#  DataChain: The Context Layer for Unstructured Data
[](https://pypi.org/project/datachain/)
[](https://pypi.org/project/datachain)
[](https://codecov.io/gh/datachain-ai/datachain)
[](https://github.com/datachain-ai/datachain/actions/workflows/tests.yml)
[](https://deepwiki.com/datachain-ai/datachain)
**A Python library that turns files in S3, GCS, and Azure into versioned, typed datasets, queryable at warehouse speed.**
- **Compute Engine**: parallel and distributed Python over files. Async I/O, checkpoint recovery, incremental updates.
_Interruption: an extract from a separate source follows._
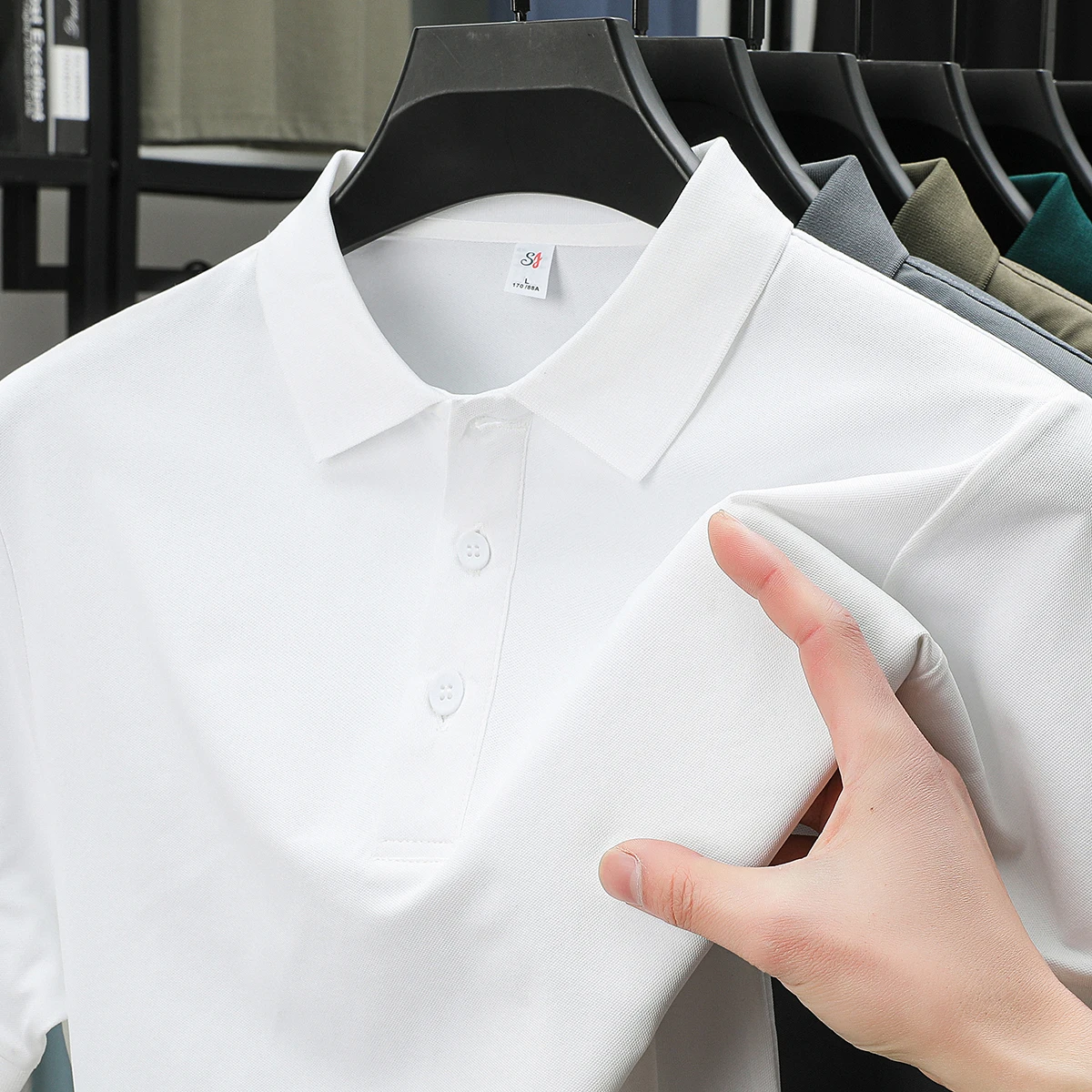 Summer New Korean Version Fashion Golf Lapel Polo Short Sleeve Business Men’s Solid Color Design Breathable Casual Cool T-shirt

- **Dataset DB**: Pydantic schemas, versioning, file pointers, automatic lineage. Sub-second filter, join, and similarity search over hundreds of millions of records.
Optional, for agent workflows:
- **Knowledge Base**: markdown summaries derived from the Dataset DB and enriched by LLM. Readable by humans and LLMs.
- **Agent Harness**: skill and MCP server that plug all three into Claude Code, Cursor, Codex, GitHub Copilot, and Pi, so they understand your data.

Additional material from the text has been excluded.